Шрифт:
— В последний раз предупреждаю, — басил Нестор, сердито поглядывая на молодую колхозницу Цицино, — не приму я больше такой лист за первый сорт… Может быть, от других приму, а от тебя не приму. Да, от тебя не приму! Видно, у тебя голова немного закружилась от успеха… Хорошо работаешь — это все знают. Но перехвалили тебя. Определенно перехвалили! Вот ты и застряла на месте. Разве ты сама не чувствуешь, что должна лучше работать, что собранный сегодня лист должен быть лучше вчерашнего?
Никто из присутствующих не заметил, как подъехала машина Ясона, не заметили Платона и Мариам, которые смешались с толпой.
Платон слушал Нестора и не верил своим ушам. "Так он же мои слова повторяет, мои! Видно, увидел меня и теперь на смех поднимает!" — рассердился было Платон, но тотчас же отогнал эту мысль. "Откуда ему знать, что я говорю, значит, то же самое?

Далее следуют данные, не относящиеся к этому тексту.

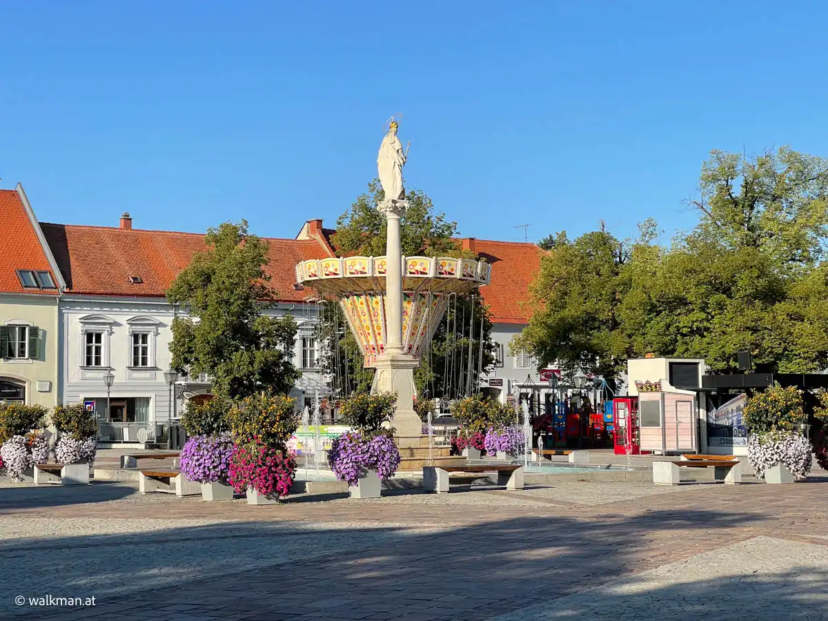 Ein paar Minuten weiter, beim Schnitzelcorner (nein, heute gibt es kein Schnitzel) biegen wir links ab und halten uns Richtung Zentrum. Vorbei an begrünten Straßenrändern und schönen Brunnen spazieren wir nun gemächlich dahin und schenken den Gebäuden ringsum vermehrte Aufmerksamkeit.

Он меня даже не заметил… Конечно, не заметил!"
— Вы все должны забыть, что существует чай второго сорта, — продолжал Нестор. Он видел, что людям надоело его слушать, но это мало трогало весовщика. Старик знал, что им все равно не миновать его: ему и никому другому должны были сдавать они свой лист. А то, что он сейчас говорил, не могло вызвать никаких возражений. Да никто и не посмел бы вступать с ним в спор, зная его острый язык. — Сейчас, дорогая, никому не нужен второй сорт. Выросли наши аппетиты, изменился наш вкус. Все мы хотим лучше одеваться, лучше есть и пить. Блаженной памяти твой дед, моя дорогая, всю свою жизнь не носил другой обуви, кроме каламани из свиной кожи. Он, бедняга, так и сошел в могилу, не сносивши ни одной пары сапог. А ты и лакированными туфлями уже не довольствуешься. Замшу все какую-то спрашивала в магазинах, я же знаю. И чулки, шелковые чулки уже не хочешь носить, все стеклянные ищешь; скоро, видно, и их забракуешь — потребуешь хрустальные. Какое ты имеешь право, спрашиваю я тебя, после этого собирать лист второго сорта?! Не хочет народ пить чай второго сорта! Поняла — не хочет!

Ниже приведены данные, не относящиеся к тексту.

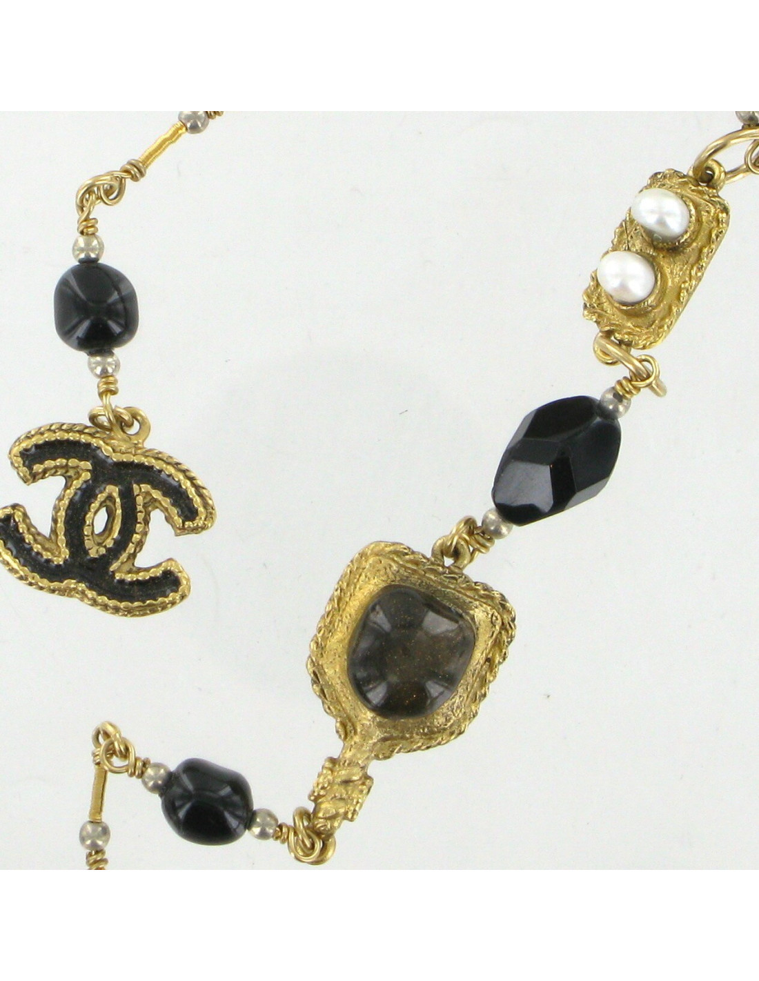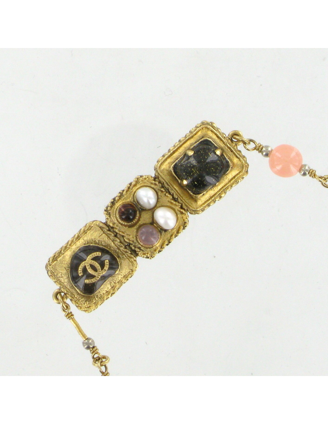 Magnifique sautoir CHANEL composé de perles nacrées, de plaques métalliques doré à l'or fin (très couture) surplombées de pierres ambres, noires, roses et de cabochons marrons. Un sautoir Chanel dans l'esprit purement bizantin, très cher à Coco Chanel.

Видно, Цицино надоело, наконец, его нескончаемое брюзжание.
— Да послушай же меня, дядя Нестор, — взмолилась она. — Разве кто-нибудь скажет, что это лист второго сорта?

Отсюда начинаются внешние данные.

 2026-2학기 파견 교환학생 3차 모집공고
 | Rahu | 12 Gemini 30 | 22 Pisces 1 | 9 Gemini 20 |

— Никто, дорогая, — уже спокойно ответил ей Нестор, — никто, кроме меня. А я имею право это говорить. Наша бригада дала слово собирать такой чай, какой собирают в бригаде Мариам Твалтвадзе в Напичвнари. А слово наше нерушимо. Поняла?
Платон взглянул на Мариам: лицо ее было спокойно и задумчиво, на губах теплилась добрая улыбка. После беседы с Леваном Платон в первый раз увидел Мариам улыбающейся: улыбка преображала ее, делала удивительно привлекательной и молодой. "Никто так не улыбается, ни одна женщина", — подумал Платон и почему-то вздохнул.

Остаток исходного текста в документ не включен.